Work to complete> After removing every image, reproduce the data exactly as it appears.

Records supplied Start Marker

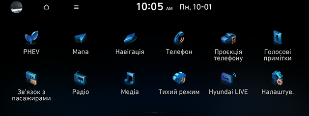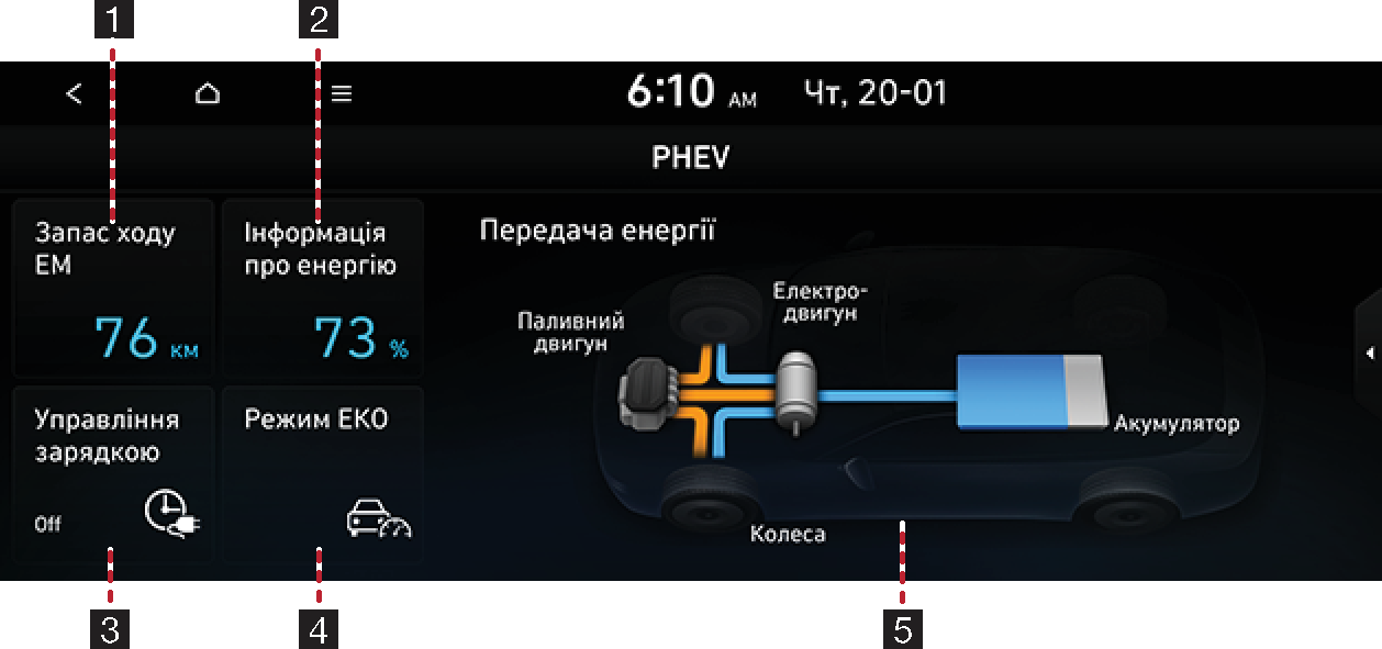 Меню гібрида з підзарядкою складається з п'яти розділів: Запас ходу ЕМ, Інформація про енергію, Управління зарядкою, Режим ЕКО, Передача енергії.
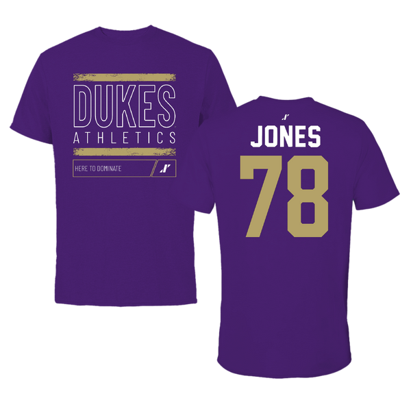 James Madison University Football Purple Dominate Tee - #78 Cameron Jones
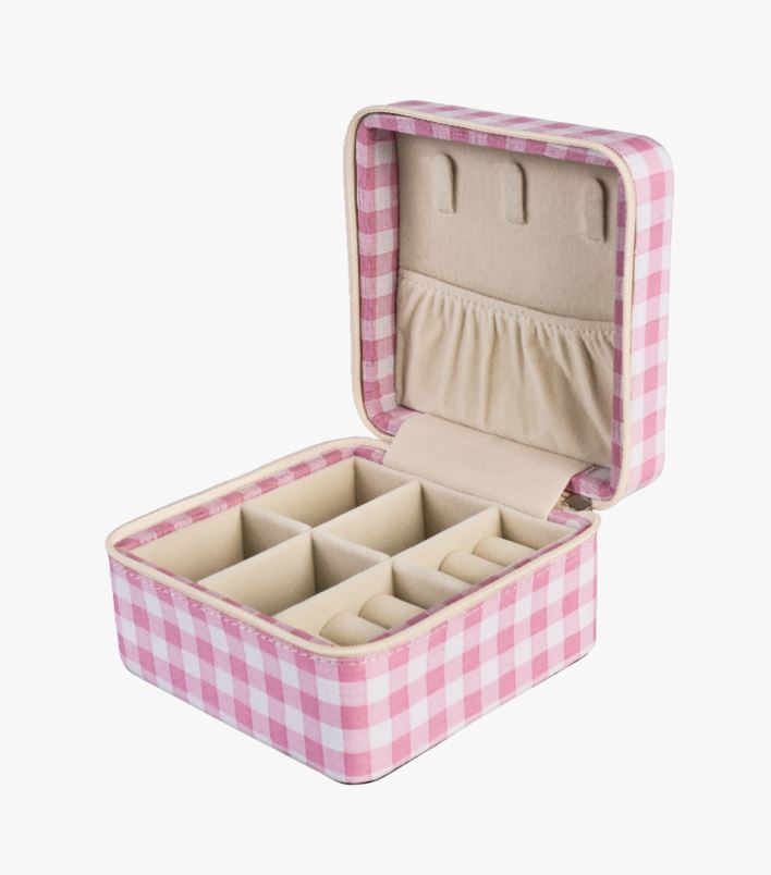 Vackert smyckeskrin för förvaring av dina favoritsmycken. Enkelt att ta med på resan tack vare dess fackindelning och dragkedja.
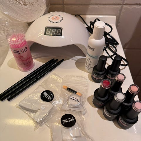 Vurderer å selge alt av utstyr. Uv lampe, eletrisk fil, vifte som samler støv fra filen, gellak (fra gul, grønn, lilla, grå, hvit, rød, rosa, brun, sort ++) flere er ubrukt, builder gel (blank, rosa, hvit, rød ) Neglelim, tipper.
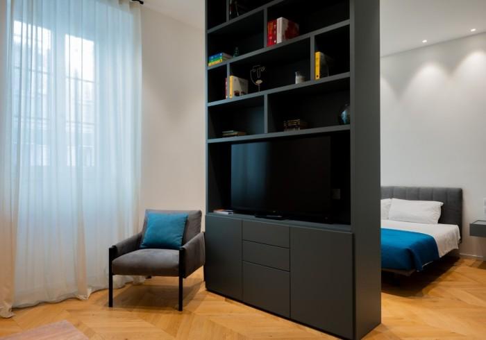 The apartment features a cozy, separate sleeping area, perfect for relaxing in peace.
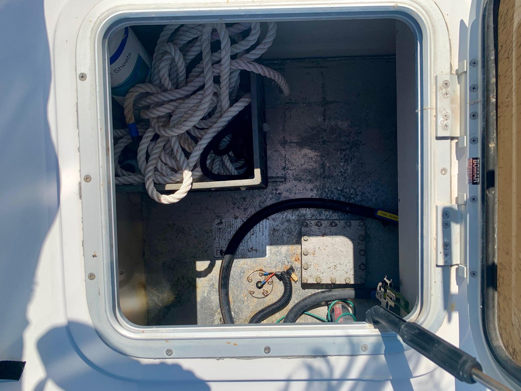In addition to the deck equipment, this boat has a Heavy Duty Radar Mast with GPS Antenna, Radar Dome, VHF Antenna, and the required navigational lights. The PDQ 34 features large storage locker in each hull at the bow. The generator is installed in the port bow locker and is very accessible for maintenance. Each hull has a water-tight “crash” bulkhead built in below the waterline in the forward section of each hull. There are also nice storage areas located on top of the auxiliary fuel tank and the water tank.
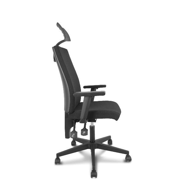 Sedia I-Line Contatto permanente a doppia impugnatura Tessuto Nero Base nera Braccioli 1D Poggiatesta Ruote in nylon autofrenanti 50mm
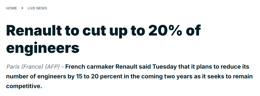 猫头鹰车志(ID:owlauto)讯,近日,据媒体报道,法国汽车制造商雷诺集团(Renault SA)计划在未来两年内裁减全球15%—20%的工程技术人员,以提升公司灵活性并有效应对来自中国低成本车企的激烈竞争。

Records supplied End Marker

Answer space>
 Меню гібрида з підзарядкою складається з п'яти розділів: Запас ходу ЕМ, Інформація про енергію, Управління зарядкою, Режим ЕКО, Передача енергії.
 James Madison University Football Purple Dominate Tee - #78 Cameron Jones
 Vackert smyckeskrin för förvaring av dina favoritsmycken. Enkelt att ta med på resan tack vare dess fackindelning och dragkedja.
 Vurderer å selge alt av utstyr. Uv lampe, eletrisk fil, vifte som samler støv fra filen, gellak (fra gul, grønn, lilla, grå, hvit, rød, rosa, brun, sort ++) flere er ubrukt, builder gel (blank, rosa, hvit, rød ) Neglelim, tipper.
 The apartment features a cozy, separate sleeping area, perfect for relaxing in peace.
In addition to the deck equipment, this boat has a Heavy Duty Radar Mast with GPS Antenna, Radar Dome, VHF Antenna, and the required navigational lights. The PDQ 34 features large storage locker in each hull at the bow. The generator is installed in the port bow locker and is very accessible for maintenance. Each hull has a water-tight “crash” bulkhead built in below the waterline in the forward section of each hull. There are also nice storage areas located on top of the auxiliary fuel tank and the water tank.
 Sedia I-Line Contatto permanente a doppia impugnatura Tessuto Nero Base nera Braccioli 1D Poggiatesta Ruote in nylon autofrenanti 50mm
 猫头鹰车志(ID:owlauto)讯,近日,据媒体报道,法国汽车制造商雷诺集团(Renault SA)计划在未来两年内裁减全球15%—20%的工程技术人员,以提升公司灵活性并有效应对来自中国低成本车企的激烈竞争。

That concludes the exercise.